Narco News commentary:
No mention here by Preston that Banamex owner and presumed
drug-trafficker Roberto Hernández Ramírez is a part owner and
director of Televisa.
Nor that Presidential
candidate Cuauhtémoc Cárdenas has called Hernández
a
financial front
for ex-president Salinas. Nor that the Banamex owner appeared on a
campaign swing
with the ruling-party candidate for president. Nor that, the
day before Preston's story -- better said, "job application"
for a new career in television -- a document was circulated in
the Mexican congress that revealed that the Banamex owner, a
long time funder of the ruling PRI, is hedging his bets and is
also a financial backer of the PAN candidate Vicente Fox to whom
Dillon -- coincidentally? -- has given such one-sided favorable
coverage.
But of course,
we have established here with facts and evidence that Dillon
covered up for the Banamex owner and that this cost him his powerful
position as an "untouchable" -- the Village
Voice
said that -- in Mexico.
See all those
blue links?

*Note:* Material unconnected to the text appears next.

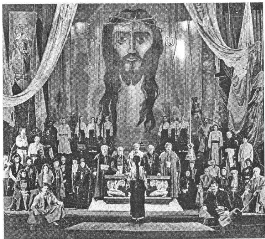
Сцена з вистави театру ім. Марії Заньковецької «Маруся Чурай»

There I go again, citing related stories and also
other news sources. That's because we want our readers to have
access to all the information available on these topics, so that
you can conduct your own research and arrive at your own conclusions.
Back to the
Preston text of June 6th:
In 1997 Emilio
Azcárraga Jean, the young scion of the family that controls
Televisa, took over the $9 billion conglomerate at his father's
death. By that time its rival TV Azteca was four years old and
had dug a hole in its audience.
To stay ahead
of the upstart, Mr. Azcárraga believed he had to cater
to viewers, not authorities. He decided that rekindling Mexicans'
waning faith in Televisa's news programs was the way to do it.
"We have
been recreating our credibility," Mr. Azcárraga,
32, said in an interview in which he was anxious to show that
Televisa is ready to handle a modern media-dominated presidential
contest. "Whatever arrogance existed here before is finished.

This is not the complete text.